Based on how we have defined CPU state so far in the series, this is what implementing Jolt's version of division looks like in Lean. Each line represents a Jolt ISA instruction, which behind the scenes is an imperative program that steps the Jolt CPU one step.

def jolt_div (rs2 rs1 rd : regidx)
    (quotient rem_abs : BitVec 64) : JoltMonad ExecutionResult := do
  let _ ← vreg_advice 0 quotient                      -- VirtualAdvice v0, 0    (quotient)
  let _ ← vreg_advice 1 rem_abs                       -- VirtualAdvice v1, 0    (|remainder|)
  let _ ← vreg_assert_valid_div0 rs2 0                -- VirtualAssertValidDiv0 rs2, v0, 0
  let _ ← vreg_change_divisor 2 rs1 rs2               -- VirtualChangeDivisor   v2, rs1, rs2
  let _ ← vreg_MULH 3 0 2                             -- MULH                   v3, v0, v2
  let _ ← vreg_MUL 4 0 2                              -- MUL                    v4, v0, v2
  let _ ← vreg_SRAI 5 4 63                            -- SRAI                   v5, v4, 63
  let _ ← vreg_assert_eq 3 5                          -- VirtualAssertEQ        v3, v5, 0
  let _ ← vreg_SRAI_from_real 3 rs1 63                -- SRAI                   v3, rs1, 63
  let _ ← vreg_XOR 5 1 3                              -- XOR                    v5, v1, v3
  let _ ← vreg_SUB 5 5 3                              -- SUB                    v5, v5, v3
  let _ ← vreg_ADD 4 4 5                              -- ADD                    v4, v4, v5
  let _ ← vreg_assert_eq_real 4 rs1                   -- VirtualAssertEQ        v4, rs1, 0
  let _ ← vreg_SRAI 3 2 63                            -- SRAI                   v3, v2, 63
  let _ ← vreg_XOR 5 2 3                              -- XOR                    v5, v2, v3
  let _ ← vreg_SUB 5 5 3                              -- SUB                    v5, v5, v3
  let _ ← vreg_assert_valid_unsigned_remainder 1 5    -- VirtualAssertValidUnsignedRemainder v1, v5, 0
  vreg_ADDI_to_real rd 0 0                            -- ADDI                   rd, v0, 0   (move quotient)

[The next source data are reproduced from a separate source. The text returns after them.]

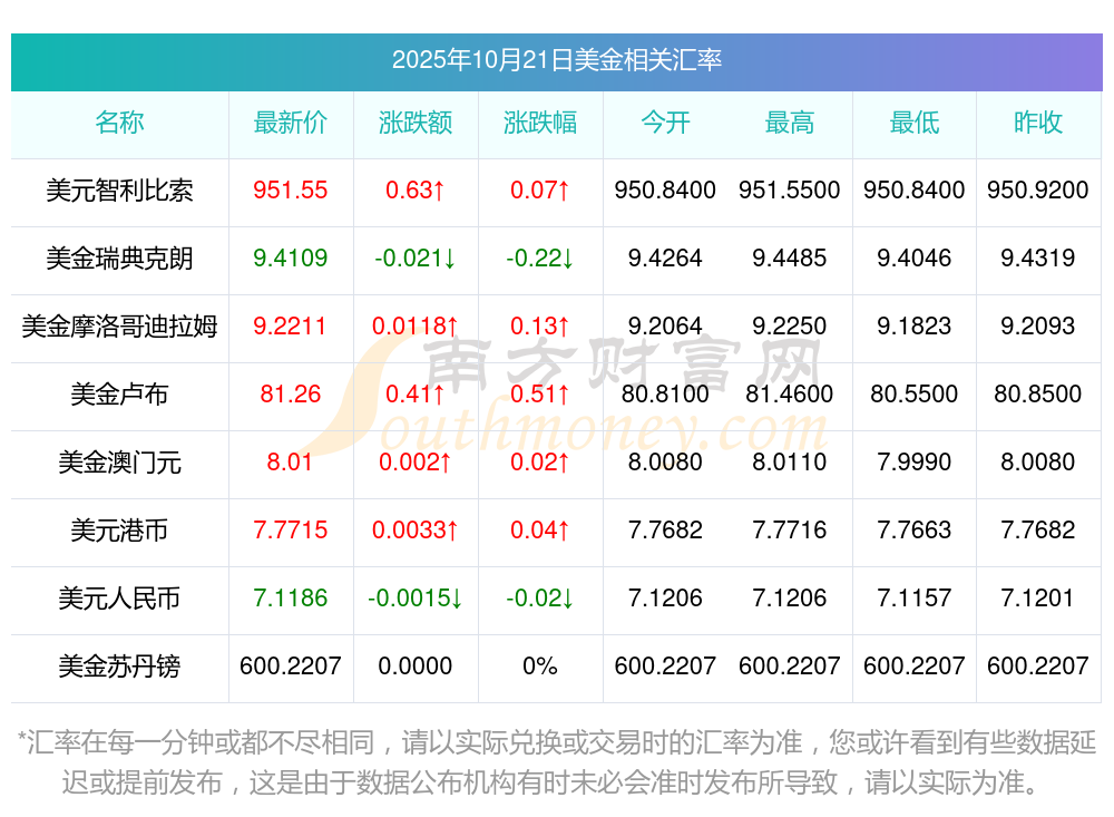 2025年10月21日美金相關(guān)匯率查詢
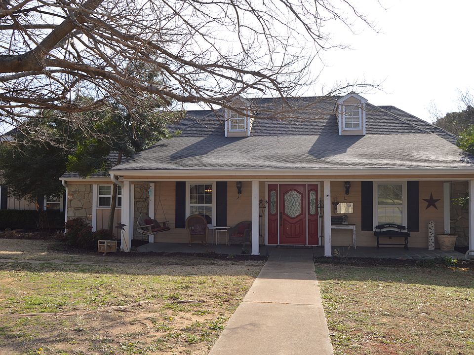 3 Bedrooms 2 Bath Farm house style home on a 1.12 Acre Corner Lot with big trees--mulberry, pecan, cedar, pine, and Elm for sale. House is quaint with custom built-ins and lots of character! It has incredible amount of storage with two large attics (one completely floored) Property is fenced for a horse and has a well used for a full irrigation system on the property. Utility Room & Pantry--room for freezer or extra fridge, lots of open shelving for pantry and extra built in cabinet for storage. Sunroom, can be used as second dining and-or office-sitting area--huge windows, custom crackle finish, ship lap on walls. Home Office--custom made cabinets with filing and surplus storage, with superior? Counter.
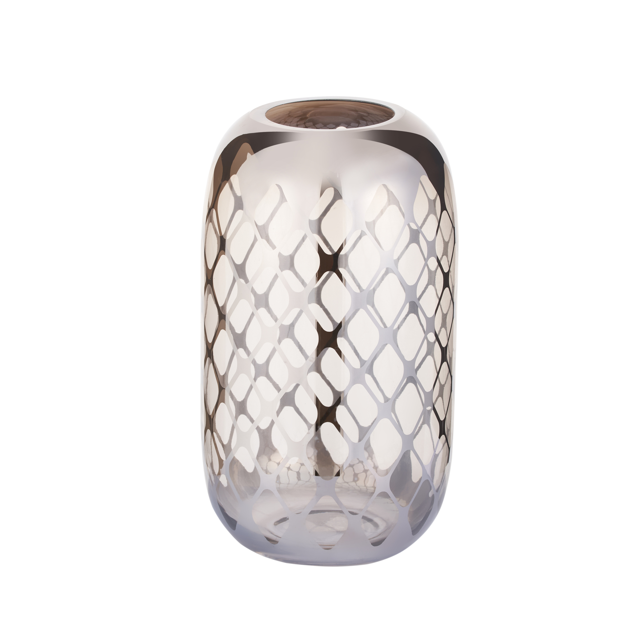 Ваза для цветов GIPFEL CELL 40077. Диаметр вазы 13 см, высота 27 см. Ваза сделана из прозрачного стекла с рисунком в виде сот цвета розового золота.
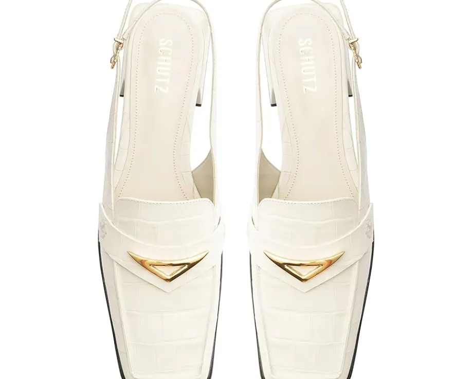 - From casual styles to work outfits, the Schutz® Arizona Sling Block sandals work for different occasions. The EVA insole and synthetic lining of these sandals offer all-day comfort. These heeled sandals are crafted with a croco printed leather upper with an adjustable slingback strap. A perfect choice to style up your outfits, these leather sandals make a great addition to your footwear collection.
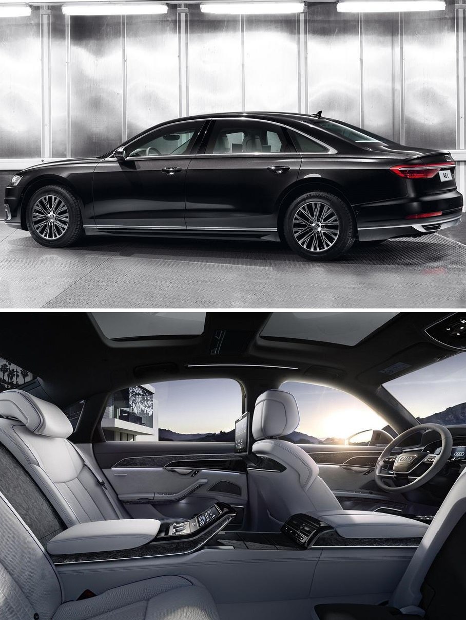 Оснащение бронированной A8L Security и обычной A8L тоже повторяют друг друга, только у первой, ко всему прочему, есть автономное переговорное устройство и аварийный блок на центральной консоли, на который выведены кнопки управления спецсигналами, аварийной подачей воздуха, системой пожаротушения и системой отстрела дверей.
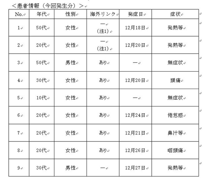 この度、東京都健康安全研究センターにおいて、変異株PCR検査でオミクロン株疑いが確認され、ゲノム解析を行った結果、下記のとおり、オミクロン株が判明したので、お知らせします。
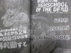 The April issue of Fujimi Shobo's Dragon Age magazine revealed on Saturday that Daisuke Satō and Shōji Satō's Highschool of the Dead manga will resume in the next issue on April 9.
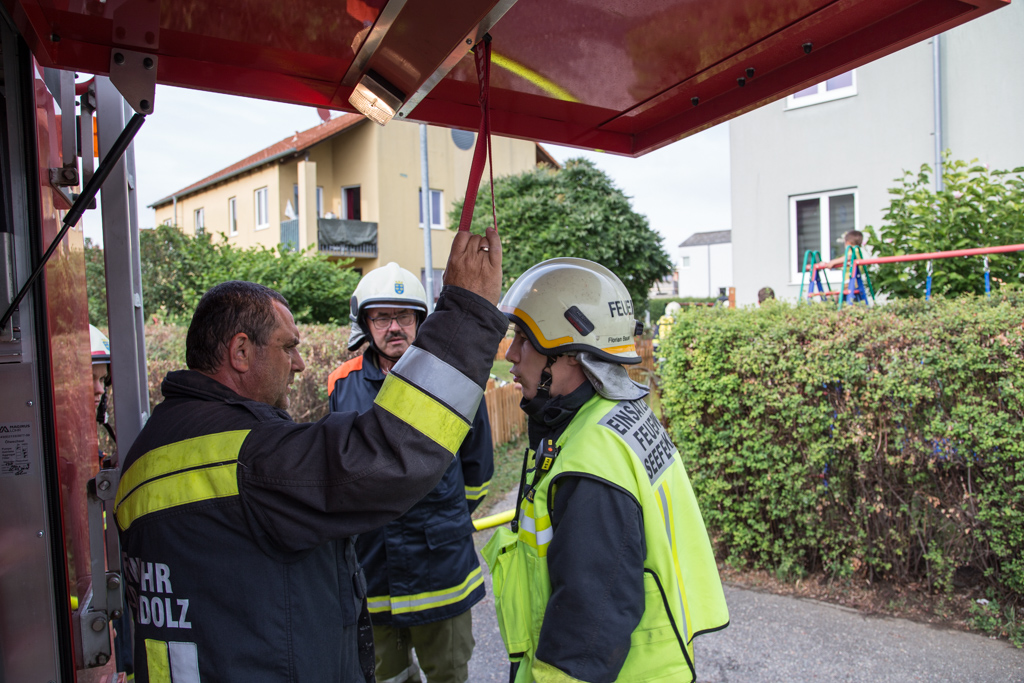 Die Feuerwehr Seefeld-Kadolz konnte wenige Sekunden nach der Alarmierung bereits ausrücken, da mehrere Feuerwehrmitglieder mit Arbeiten im Feuerwehrhaus beschäftigt waren. Zusätzlich fand noch das Abschlussfest im benachbarten Kindergarten statt wo ebenfalls mehrere Feuerwehrmitglieder anwesend waren.
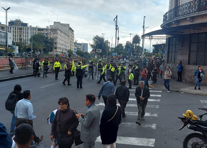 Mientras los participantes de la manifestación se concentran, la policía ecuatoriana instaló un contingente en el Parque El Arbolito, en Quito (capital). De acuerdo con el comandante policial del Distrito Metropolitano, Henry Tapia; «al momento tenemos desplegados más de 1.400 servidores policiales en los diferentes puntos para evitar el paso al casco colonial».
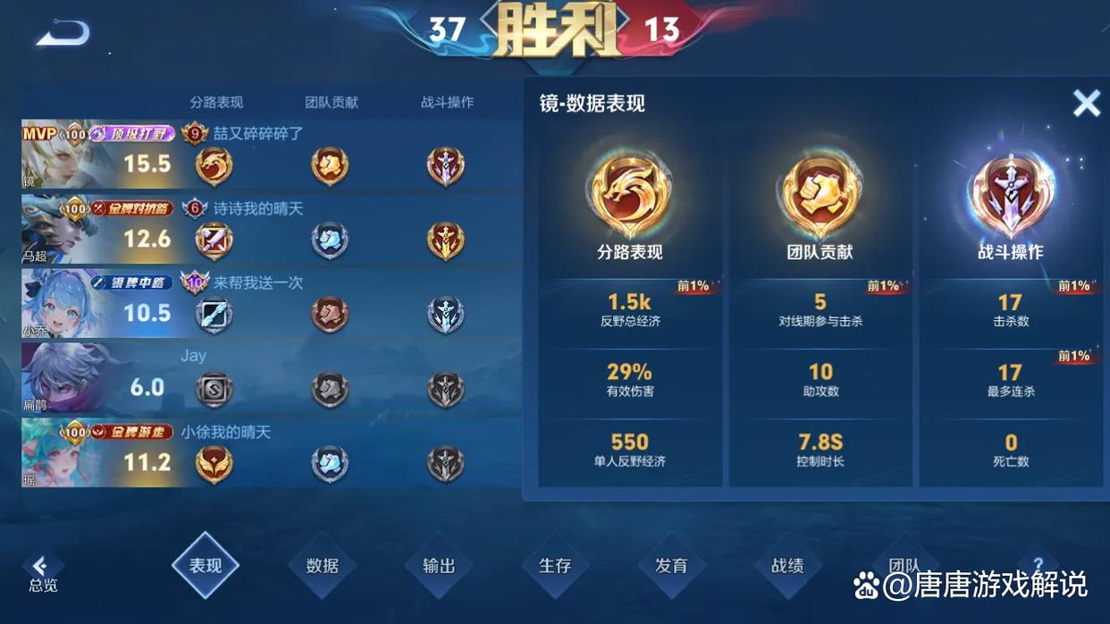 这把选用镜打野获得15.5评分顶级打野的对局,9条重要数据表现都是金色的,其中能达到前1%的有4条,这基本涵盖了打野最需要做的事。

The completeness theorem against the trusted transpilation looks like the following:

theorem jolt_div_concrete (rs2 rs1 rd : regidx)
    (hrd : rd ≠ regidx.Regidx 0) (js : SailJoltState) (hwf : WellFormed js)
    (dividend divisor : BitVec 64)
    (hrs1 : rX_bits rs1 js.sail = .ok dividend js.sail)
    (hrs2 : rX_bits rs2 js.sail = .ok divisor js.sail) :
    projectResult (
                    (jolt_div rs2 rs1 rd
                      (sail_div_value dividend divisor false) -- Correct quotient
                      (bv_abs (sail_rem_value dividend divisor false)) -- Correct Remainder
                    ).run js
                 ) 
=
    (execute_DIV rs2 rs1 rd false).run js.sail

The theorem statement simply says, run the jolt_div sequence with the correct advice, and the final RISC CPU state will be identical to that if we had run the original DIV instruction to begin with.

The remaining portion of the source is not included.